**PROBLEM**: Whatever pictures appear, omit them, and repeat the data below exactly.

**PROVIDED MATERIAL**:
####################
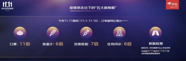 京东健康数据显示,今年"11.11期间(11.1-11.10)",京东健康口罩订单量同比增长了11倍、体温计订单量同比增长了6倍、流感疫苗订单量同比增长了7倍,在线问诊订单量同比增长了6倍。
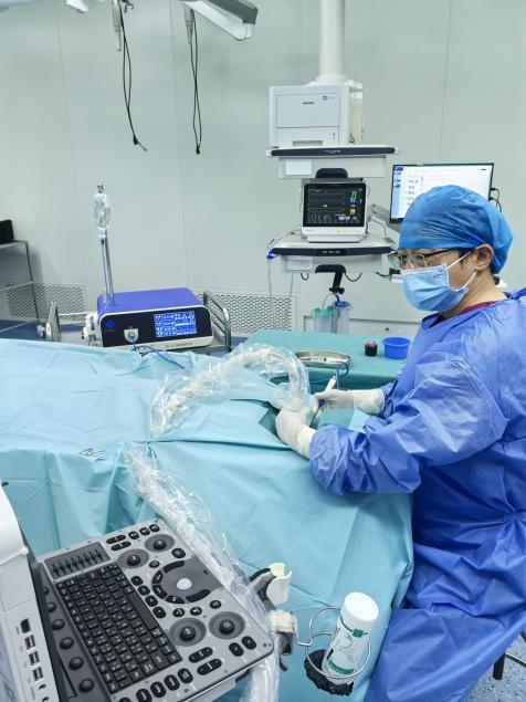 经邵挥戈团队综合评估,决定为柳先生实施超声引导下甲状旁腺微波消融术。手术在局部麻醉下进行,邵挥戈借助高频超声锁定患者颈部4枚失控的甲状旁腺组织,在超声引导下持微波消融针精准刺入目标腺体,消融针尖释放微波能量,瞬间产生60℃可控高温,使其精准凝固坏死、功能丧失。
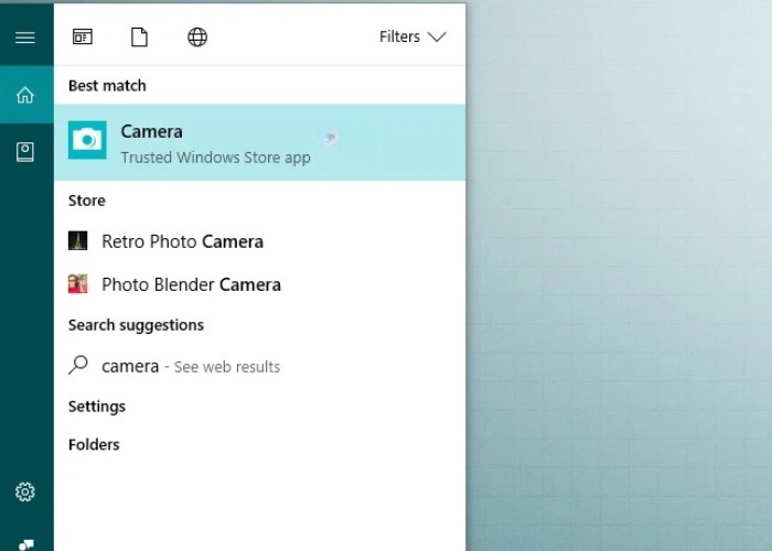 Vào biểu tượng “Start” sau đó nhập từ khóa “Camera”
####################
**RESULT**:
 京东健康数据显示,今年"11.11期间(11.1-11.10)",京东健康口罩订单量同比增长了11倍、体温计订单量同比增长了6倍、流感疫苗订单量同比增长了7倍,在线问诊订单量同比增长了6倍。
 经邵挥戈团队综合评估,决定为柳先生实施超声引导下甲状旁腺微波消融术。手术在局部麻醉下进行,邵挥戈借助高频超声锁定患者颈部4枚失控的甲状旁腺组织,在超声引导下持微波消融针精准刺入目标腺体,消融针尖释放微波能量,瞬间产生60℃可控高温,使其精准凝固坏死、功能丧失。
 Vào biểu tượng “Start” sau đó nhập từ khóa “Camera”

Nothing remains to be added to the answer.